Parameter Explanation:
map: Mapping function (generates a sequence of key-value pairs, used as parameters for the reduce function).
reduce: Statistical function. The task of the reduce function is to convert key-values into key-value, i.e., to transform the values array into a single value.
out: Collection where the statistical results are stored (if not specified, a temporary collection is used, which is automatically deleted after the client disconnects).
query: A filtering condition.
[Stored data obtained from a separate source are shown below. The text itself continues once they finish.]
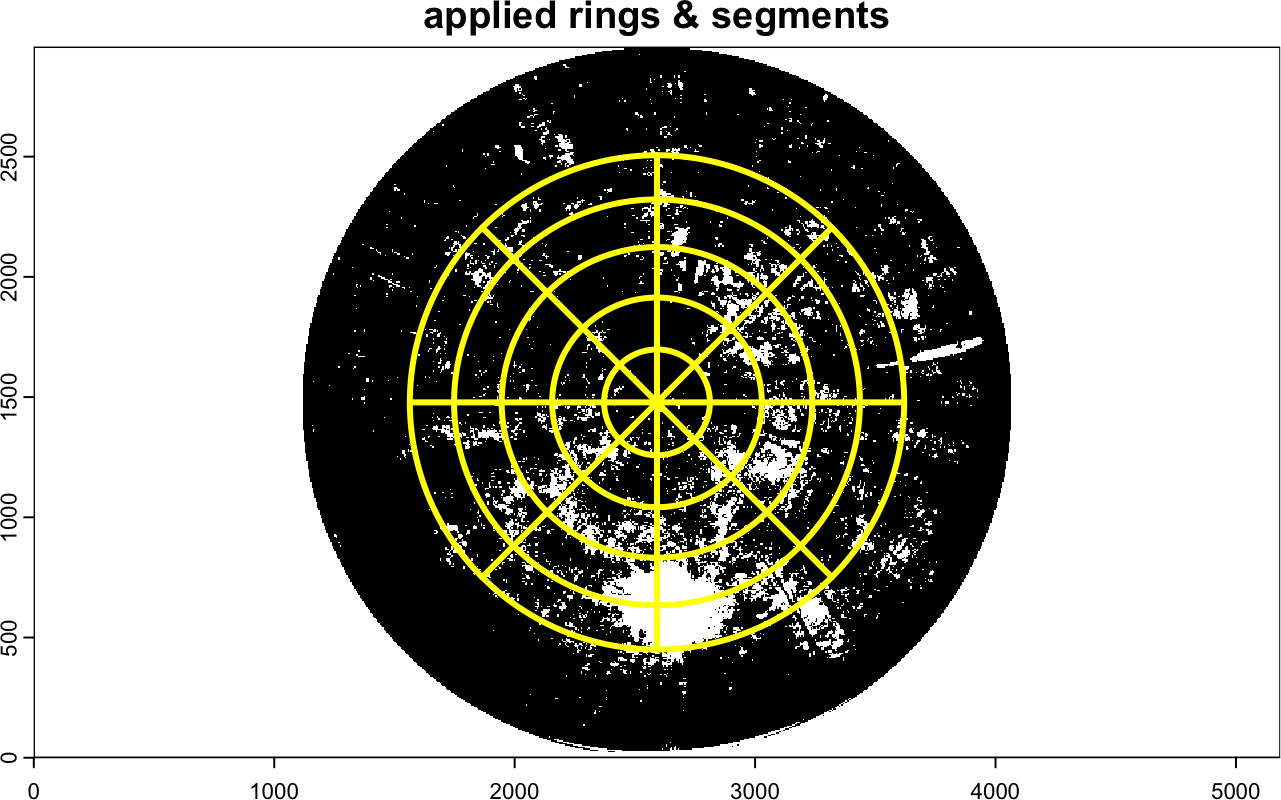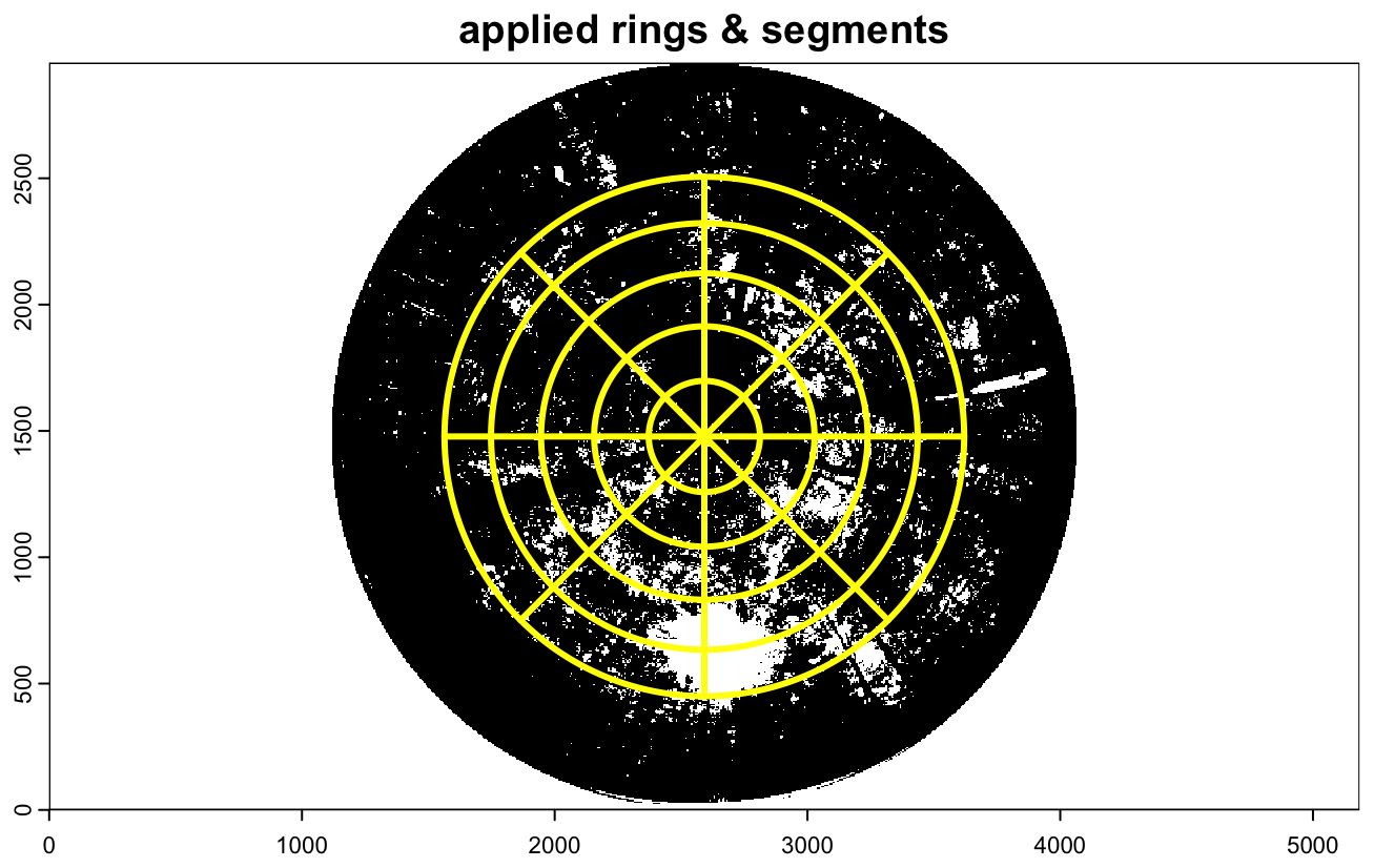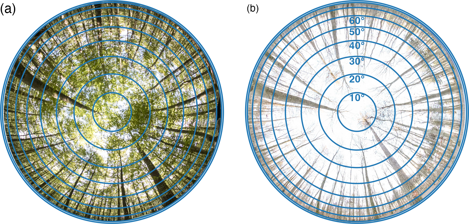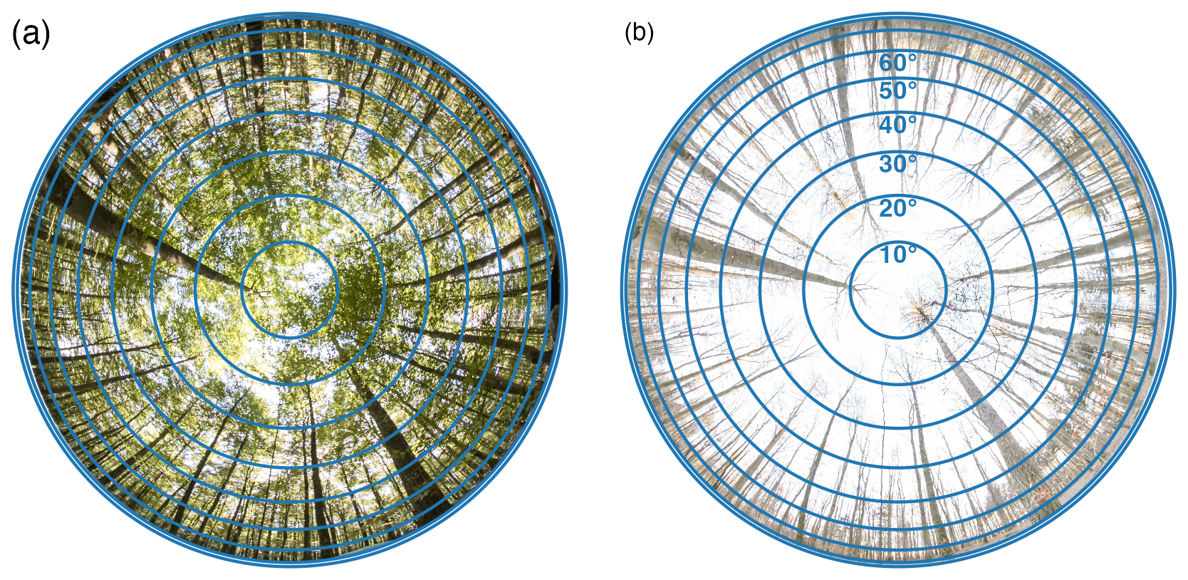 The DHP-based LAI retrieval was performed with five zenith rings and eight azimuth segments (Fig. A2). Chianucci et al. (2015) demonstrated that segmenting zenith rings into multiple azimuth sections accounts for non-random foliage distribution and improves estimation of clumping. Additionally, Chianucci and Cutini (2013) found that finer segmentation enhances gap fraction calculations, which is particularly important in dense canopies. While the optimal configuration remains uncertain, this setting represents a practical middle ground for reliable canopy structure assessment.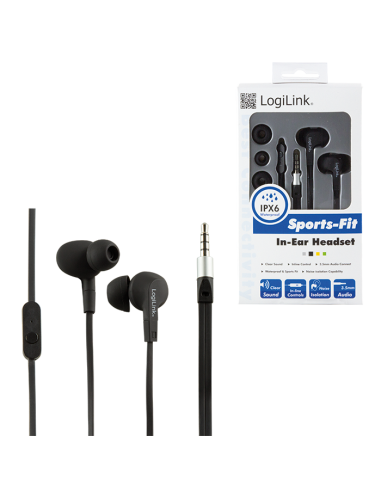 Auriculares intrauditivos estéreo resistentes al agua (IPX6), negros. Experimente los auriculares HS0041-44 de LogiLink, excelentes compañeros para actividades deportivas. El sistema de bloqueo del oído evita que los tapones se caigan y asegura que permanezcan en su lugar. Una característica especial es la carcasa resistente al agua de los auriculares, que le permite lavar su tapón después de un entrenamiento sudoroso y mantiene sus auriculares limpios y agradables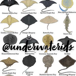 Saltwater Rays Art Print: Fish ID Poster, Fishtank Decor (A4) (buy One ...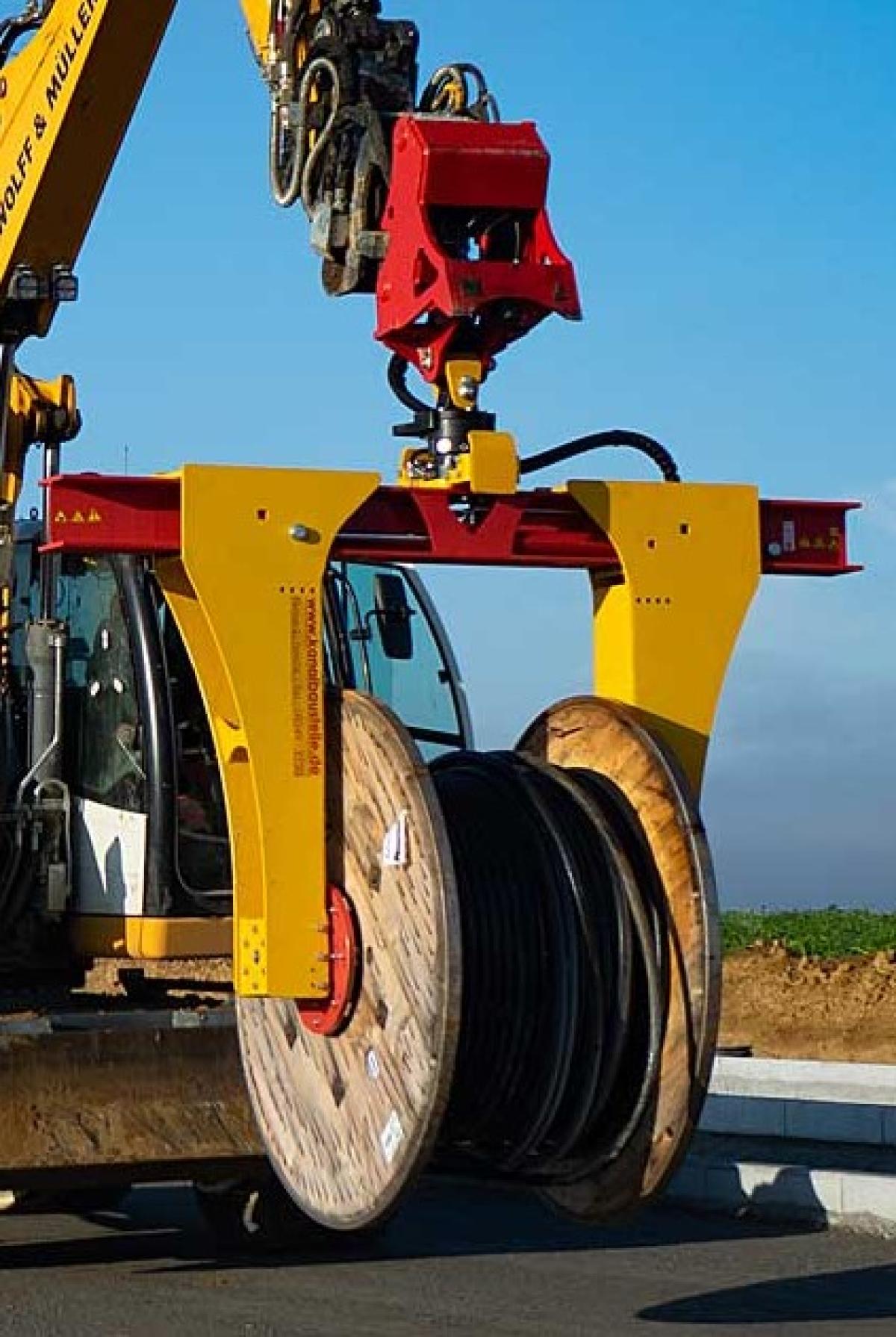 Der KabelFIX nimmt die Trommel mit den beiden beweglichen Armen in die Zange und und versetzt diese mit einem ebenfalls hydraulisch angetrieben Motor in Drehung. Die Drehgeschwindigkeit steuert der Fahrer feinfühlig per Joystick.

Only documents that meet the condition will invoke the map function. (query, limit, sort can be combined arbitrarily)
sort: Sorting parameter combined with limit (also sorts the documents before sending them to the map function), which can optimize the grouping mechanism.
limit: The upper limit of the number of documents sent to the map function (without limit, the use of sort alone is not very effective).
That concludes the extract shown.